In some instances, you may want to further remove subjectivity. For example, if the system crashes and prevents further use, is that critical or fatal?

If you’re testing a website which crashes, yet the user can recover by reloading the site, will you ever be able to reach a fatal classification?

However, for a kiosk software application where the user is unable to perform a software or hardware reboot, fatal is pretty much fatal.

You may even want to tie in moderator assistance to some of the criteria to help with your classification. Major might include “requires some assistance from the moderator” and critical might include “cannot continue without assistance from the moderator.”

The key is to define and agree your criteria before starting the severity rating process and make it work for you.

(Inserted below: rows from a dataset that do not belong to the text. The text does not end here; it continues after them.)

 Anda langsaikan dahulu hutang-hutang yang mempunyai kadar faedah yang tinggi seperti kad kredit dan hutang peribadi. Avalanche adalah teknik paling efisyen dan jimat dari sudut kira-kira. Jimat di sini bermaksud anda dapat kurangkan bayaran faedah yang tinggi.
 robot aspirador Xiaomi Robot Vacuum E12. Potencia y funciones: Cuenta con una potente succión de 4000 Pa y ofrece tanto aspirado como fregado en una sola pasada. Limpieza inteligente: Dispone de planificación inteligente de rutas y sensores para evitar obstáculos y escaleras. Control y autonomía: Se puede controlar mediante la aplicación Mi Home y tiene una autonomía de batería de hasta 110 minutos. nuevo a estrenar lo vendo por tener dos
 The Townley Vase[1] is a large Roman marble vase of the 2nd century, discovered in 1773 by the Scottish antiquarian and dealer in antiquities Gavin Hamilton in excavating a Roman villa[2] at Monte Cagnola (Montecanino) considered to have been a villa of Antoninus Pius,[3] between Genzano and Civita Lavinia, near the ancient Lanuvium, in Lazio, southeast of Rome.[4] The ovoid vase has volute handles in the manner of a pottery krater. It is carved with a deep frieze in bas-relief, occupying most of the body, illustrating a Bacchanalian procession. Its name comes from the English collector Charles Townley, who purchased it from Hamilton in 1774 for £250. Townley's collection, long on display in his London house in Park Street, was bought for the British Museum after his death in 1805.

Aim to arrive at a clear checklist where there’s no debate… “if this happened, then the issue has to be classed as that.”

Be client friendly

If you decide to agree and define criteria without your client, it would be advisable to consider the terminology used for the five shortcuts (minor, serious, major, critical and fatal) and whether they are suitable.

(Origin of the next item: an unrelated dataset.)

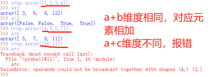 (2)数组和数组运算,那就把两个数组的对应元素进行运算,所以要求数组维度一致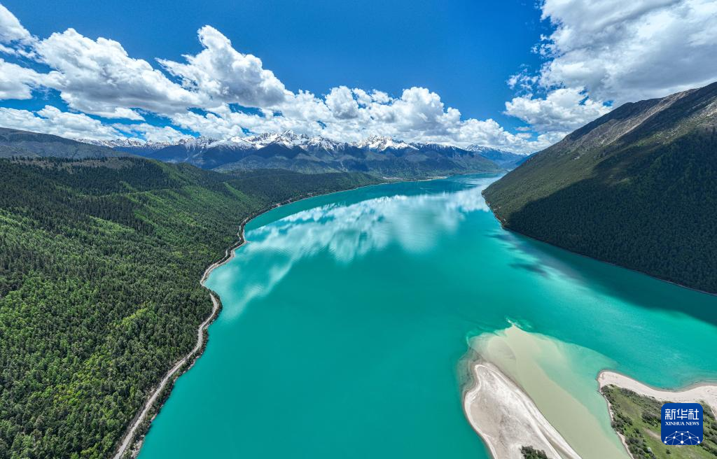 巴松措岸邊蜿蜒的公路(5月28日攝,無人機(jī)照片)。新華社記者 晉美多吉 攝

For example, reporting back that you encountered two “fatal” issues could be alarming for some clients or a bit melodramatic for others.

Make everything serious first

One micro-process I have is to first classify everything as serious; this being the normal status for an issue. I then check against the criteria, finding reasons to classify it as something else.

Record frequency

When recording the severity rating, ensure you record the frequency with which issues occur across the lab.

For example, if I’m analysing a lab of say five participants, I will create a spreadsheet for each participant and chronologically line item the individual issues. I time-stamp when they occurred in the session and assign the issue a severity rating based on my domain specific criteria.

When done, I create a master spreadsheet which pulls in all the findings from the individual participant spreadsheets. I remove duplicates, each time adding a +1 to the frequency column.

This way, I arrive at a single log of all usability issues from the day, with visibility of their frequency, and an appropriate severity rating for each.

Quick analysis

Finally, from the master spreadsheet, I order the data by the frequency column from highest to lowest. I then secondary sort the data by the severity rating, again, highest to lowest.

At this point you will be presented with line items in the order of the most frequently occurring highest rated issues — these are the guys you’ll want to have a look at first. The single instance, but high severity issues may be your edge cases and should be investigated further.

That’s all folks

This concludes my tips and experiences of severity rating in a bid to stop playing “higher or lower” — a guessing game which shouldn't really have a place in usability test analysis.

If there’s one take-away…

Define specific and mutually exclusive domain-related criteria to arrive at an unambiguous and quick to use rating system.